Stored dataset items:
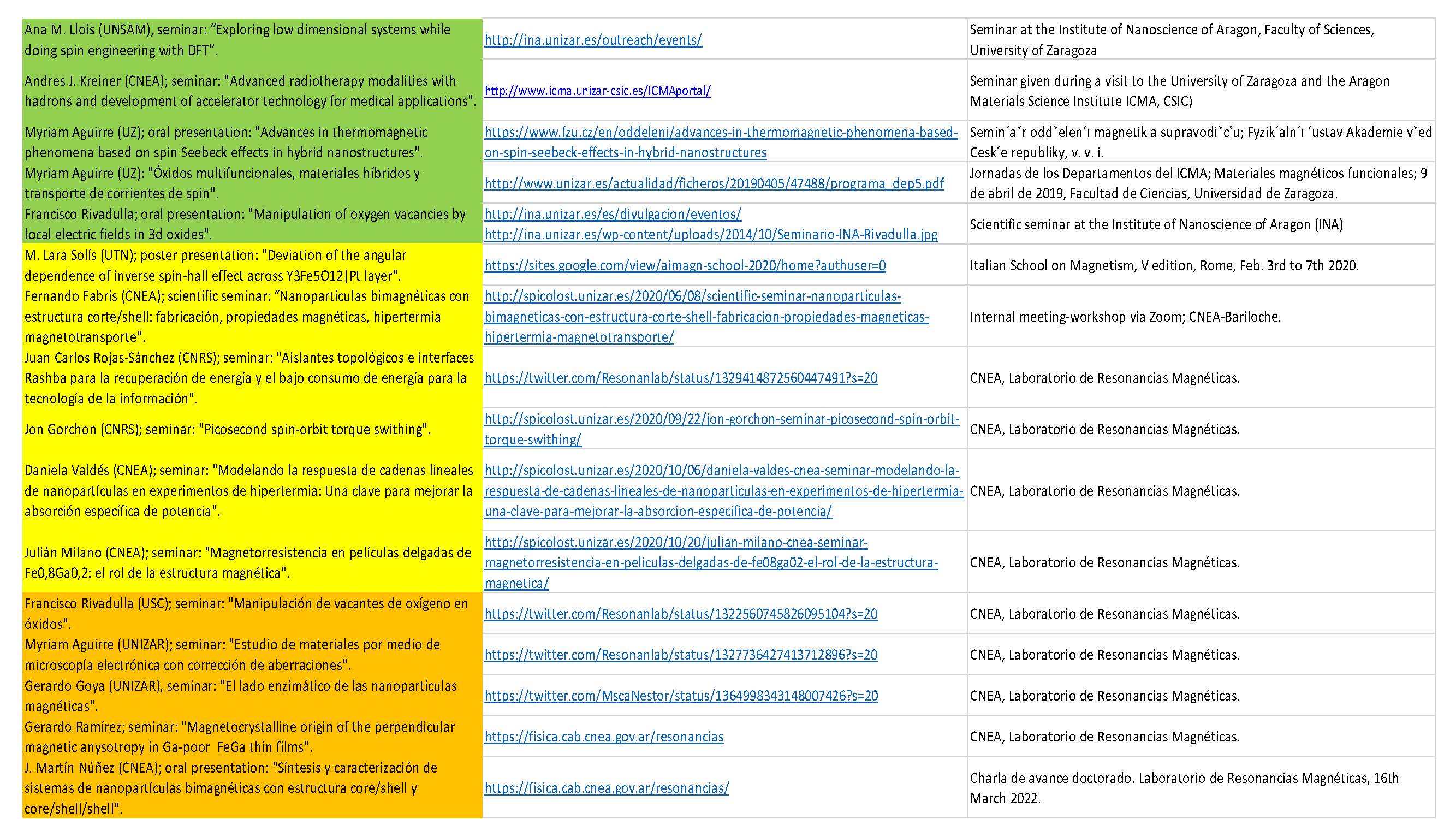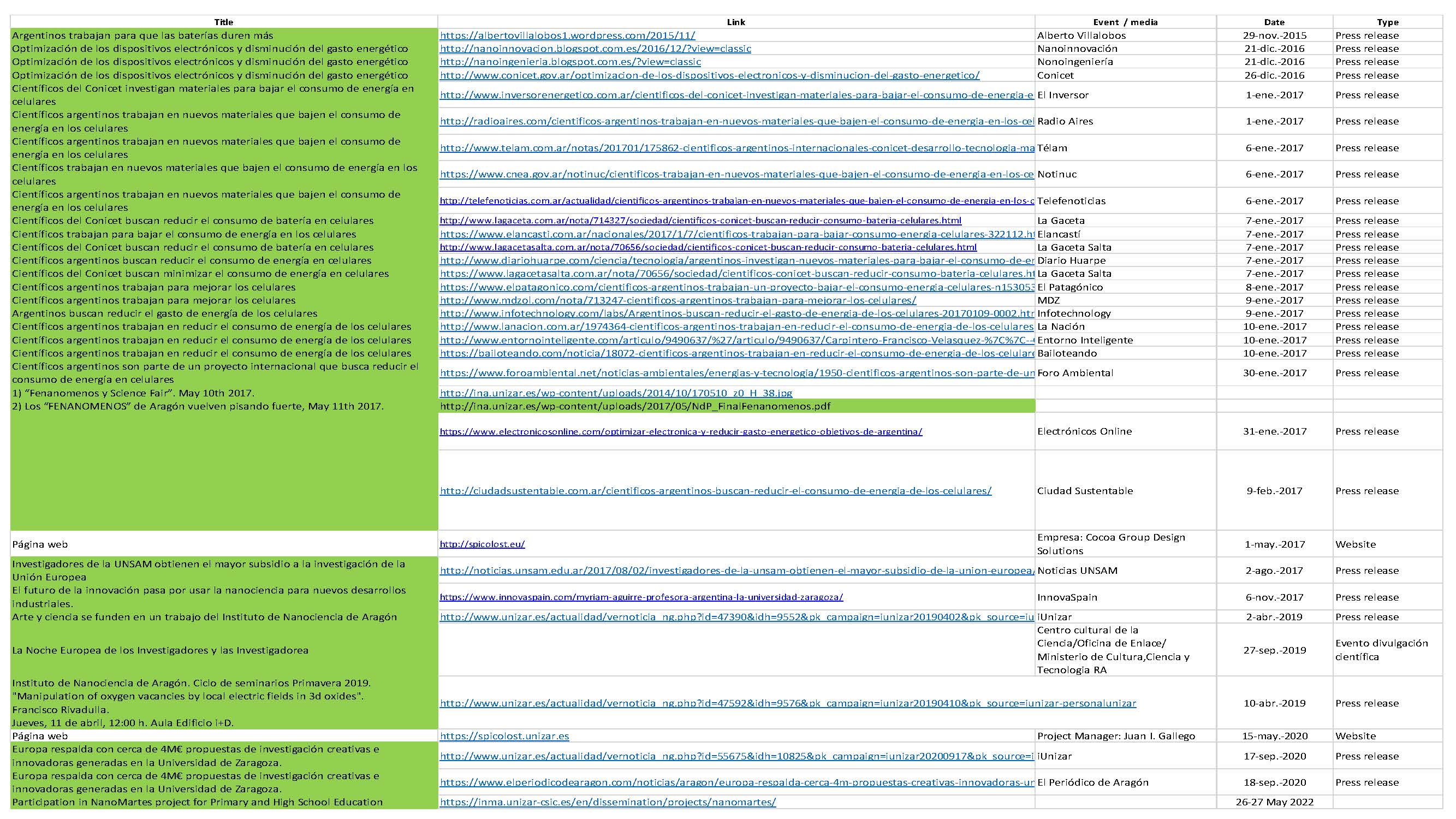 WP5: It was celebrated two Bilateral Memorandum of Understanding between UNSAM and UNIZAR for co-supervising PhD thesis and CNEA (Univ.Cuyo)-UNIZAR. One General Academic Memorandum of Understanding signed between UNIZAR and UNSAM. 4 Workshops organized Dissemination was widely fulfilled with several participations in the media (radio, TV, YouTube, newspapers) general press release: 27; trainings (3 technicians, 4 PhD and 4 postdocs). Our scientific production was portrayed by 43 scientific publications, inclusive one BACK COVER PAGE The Royal Society of Chemistry 2018. DOI: 10.1039/c8nr07834c ; 2 organizations/participation in schools; 16 Seminars participation; 26 participations in conferences. A detail of dissemination is included as a table in Images attached to the Summary for publication.
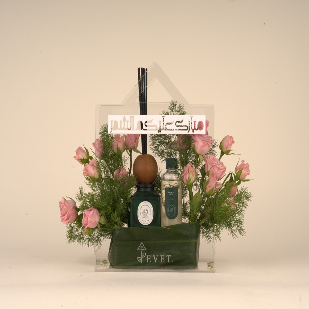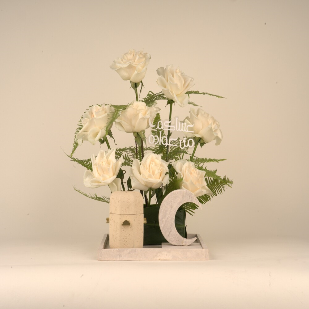 مزيج متألق من الجوري الأبيض والزينة الإحتفالية، يرمز إلى الفرح والتجدد. يأتي مع فواحة. تتوفر الفواحة باللون البيج أو الأبيض أو الأخضر.
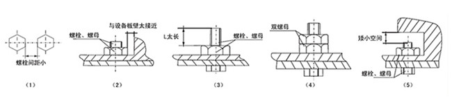 2、螺栓、螺母與設備板壁太近
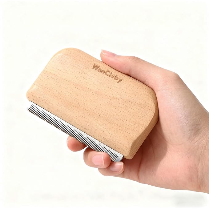 - 【Ergonomic Design】Double-sided curved ergonomic handles, provide a effortless and comfortable grip, made with a smooth wood surface painted. Perfectly fits human and pet hands/body. Stainless steel bristles are very durable and easy to clean.
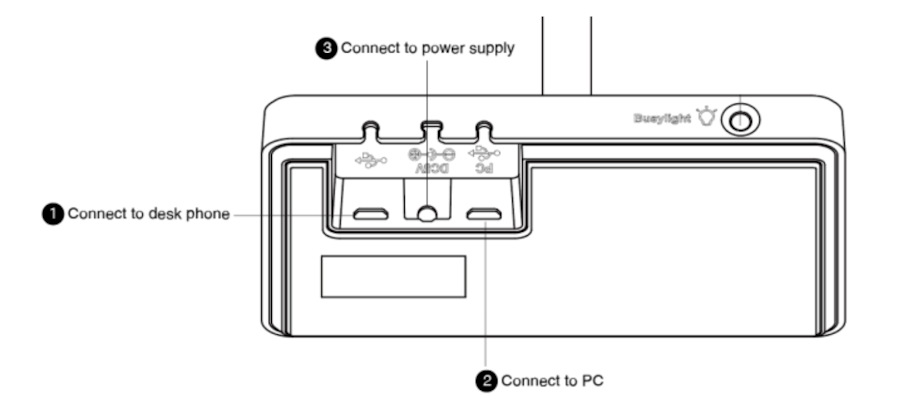 Om de headset te updaten of qua instellingen te wijzigen, dien je de headset via de PC aansluiting aan te sluiten op je computer. Sluit de kabel aan op poort 2 op het basisstation en het andere uiteinde in de USB poort van je computer.

WHAT IS REQUIRED — Make an exact copy of the lines of the records from the line containing "- 【Ergonomic Design】Double-sided" through the final line, both ends included, but not of the pictures.

OUTPUT OF THE EXERCISE —
 - 【Ergonomic Design】Double-sided curved ergonomic handles, provide a effortless and comfortable grip, made with a smooth wood surface painted. Perfectly fits human and pet hands/body. Stainless steel bristles are very durable and easy to clean.
 Om de headset te updaten of qua instellingen te wijzigen, dien je de headset via de PC aansluiting aan te sluiten op je computer. Sluit de kabel aan op poort 2 op het basisstation en het andere uiteinde in de USB poort van je computer.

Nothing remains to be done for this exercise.